New Pregnant Workers Fairness Act Provides Protections for Pregnancy-Related Conditions
Effective 27 June 2023, the Pregnant Workers Fairness Act (PWFA)1 is a new law that closes a gap in coverage under federal law for pregnant and postpartum workers and applicants. This new law guarantees the affirmative right to receive reasonable accommodations for known limitations related to pregnancy, childbirth, or related medical conditions absent an “undue hardship” on the employer. Under the PWFA, pregnant or postpartum employees and applicants seeking reasonable accommodations are no longer required to (1) have a pregnancy-related disability or (2) identify other similarly situated employees with accommodations, as was previously required under existing federal laws governing pregnancy-related discrimination.
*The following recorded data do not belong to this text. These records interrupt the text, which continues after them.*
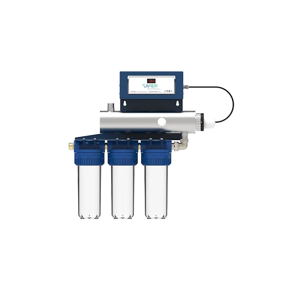 Station de traitement UV pour eau de forage, de puits ou de pluie : Modul’eau UVRERL’eau d’alimentation peut contenir une grande quantité de micro-organismes inoffensifs maiségalement pathogènes (streptocoques fécaux, coliformes fécaux, légionnelles…).Pour que l’eau soit potable, il est nécessaire d’enlever complètement ces bactéries.Le traitement de l’eau par ultraviolets est un procédé 100 % physique qui imite l’effet assainissant de la lumière solaire par des lampes UV.FABRICANT : UVRERFonctionnement : Livré avec une une lampe UV 3,7m3/heure qui assainit l’eau.Cartouches de filtration à rajouter en fonction de vos besoins mais généralement il faut mettre : 1 filtre 5µ (03010005) , 1 filtre 20µ (03010007) et un filtre charbon actif (03020000).Applications :Traitement d’eau brute (forages, captages, puits…)Sécurisation d’eau de pluie (usage sanitaire uniquement)Sécurisation d’eau de réseau Caractéristiques :Chambre de traitement inox 316 LPression max 6 barsPuissance : 1×60 WES : 3/4″Température de l’eau 0 à 40 °CRegard pour cellule de contrôleRaccordement en axe opposéGaine quartz fond bombéLampe mono-culot 9 000 hPlatine de fixation de construction métalliqueAffichage digitale avec décompte journalierAlarme visuelle et sonoreLeds vertes et rouges d’état de lampeBuzzer défaut lampeCordon d’alimentation 220 V+TVersion avec porte-filtre intégréDimensions 460 x 581 x 140 Durée de vie des consommables :Lampe UVc : 9 000 heuresJoint : 9 000 heuresGaine : 5 ansLivré sans cartouches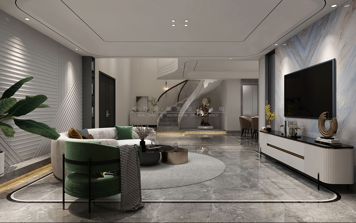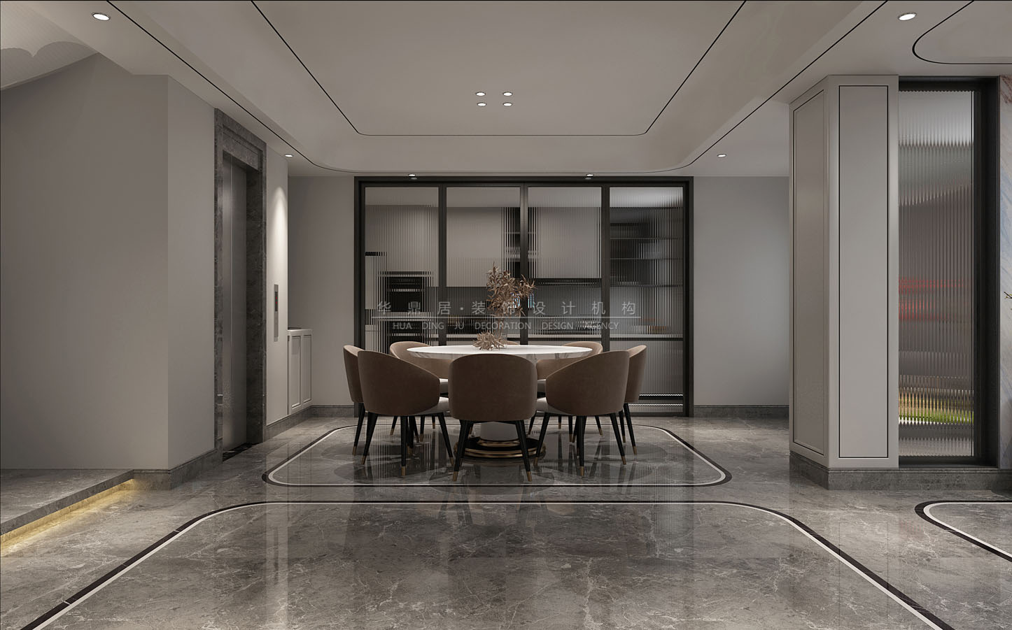 主要建材:星白石材、黑鈦拉絲金屬線條、進(jìn)口藝術(shù)漆、灰橡木地板、皮紋墻板等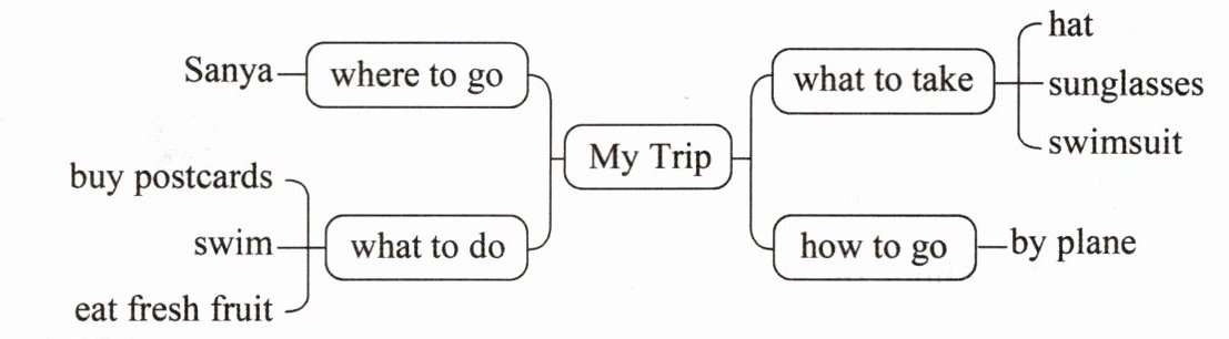 假如你是 Sam,你的暑假生活马上要开始了。请根据下面的思维导图,以“My Trip”为题写一写自己的暑期旅行计划吧! 不少于 40 个单词。$My Trip_____$

Limitations of the Current Legal Landscape Addressing Accommodations for Pregnancy and Related Conditions
Prior to passage of the PWFA in December 2022, pregnant or postpartum employees and applicants were limited in their ability to obtain reasonable accommodations because of pregnancy, childbirth, or related medical conditions under federal law. Although the Pregnancy Discrimination Act of 1978 (PDA), which amended Title VII of the Civil Rights Act of 1964 (Title VII), protects employees from discrimination on the basis of pregnancy, childbirth, or related medical conditions, employees are entitled to reasonable accommodations for such conditions under the PDA only if they can identify other similarly situated employees in the workplace who received accommodations. Moreover, the Americans with Disabilities Act of 1990 (ADA) — which prohibits discrimination based on disability and requires that employers provide reasonable accommodations to employees with disabilities — also offers limited protections for pregnant and postpartum employees. Pregnancy itself is not a disability under the ADA, and only some pregnancy-related conditions meet the ADA’s definition of “disability.” However, with the enactment of the PWFA, pregnant and postpartum employees and applicants who otherwise were not covered under Title VII or the ADA, or applicable state or local laws,2 may now seek reasonable accommodations under federal law.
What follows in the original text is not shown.